Weaknesses of the study were that the authors were unable to exactly replicate all of the scores as they were originally designed because of missing data or other cohort differences. Nevertheless, they clearly describe their missing data and no substantial change was found in AUC values between datasets with multiple imputation or complete case analysis (Table 7S). Other limitations are the retrospective study design that could include selection and information bias, as reported in the discussion. In addition, prognostic scores are useful instruments to assess groups of patients, but may have limitations when applied in the clinical practice for individual risk prediction due to their probabilistic nature [12].

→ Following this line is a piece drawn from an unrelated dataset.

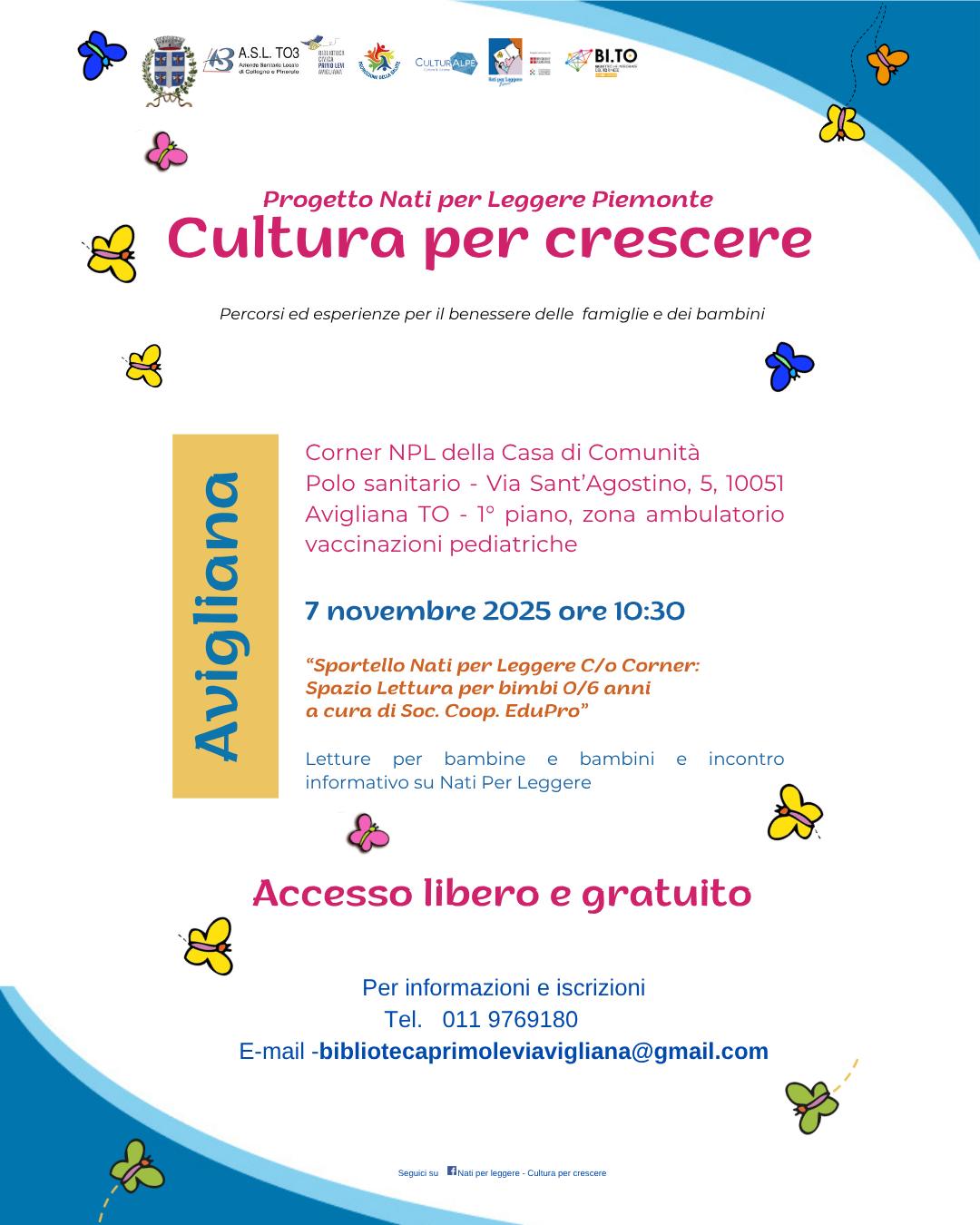 Venerdì 7 novembre alle ore 10:30 al Corner NPL della Casa di Comunità (Polo sanitario, Via Sant’Agostino 5, Avigliana – 1º piano, zona ambulatorio vaccinazioni pediatriche) Spazio Lettura per bimbi 0/6 anni e incontro informativo su Nati per Leggere, a cura della Soc. Coop. EduPro.

In conclusion, we strongly commend Lombardi et al. [8] for their carefully conducted and comprehensive study. Although prior reports suggest that existing COVID-19 predictive models are at high risk for bias, this study helps lend confidence to a key set of prognostic scores by rigorously evaluating their performance in an independent sample. In the future, this work might allow researchers to devote their limited time to verifying the actual utility of COVID-19 prognostic scores in the clinical setting, instead of attempting to create new prognostic scores.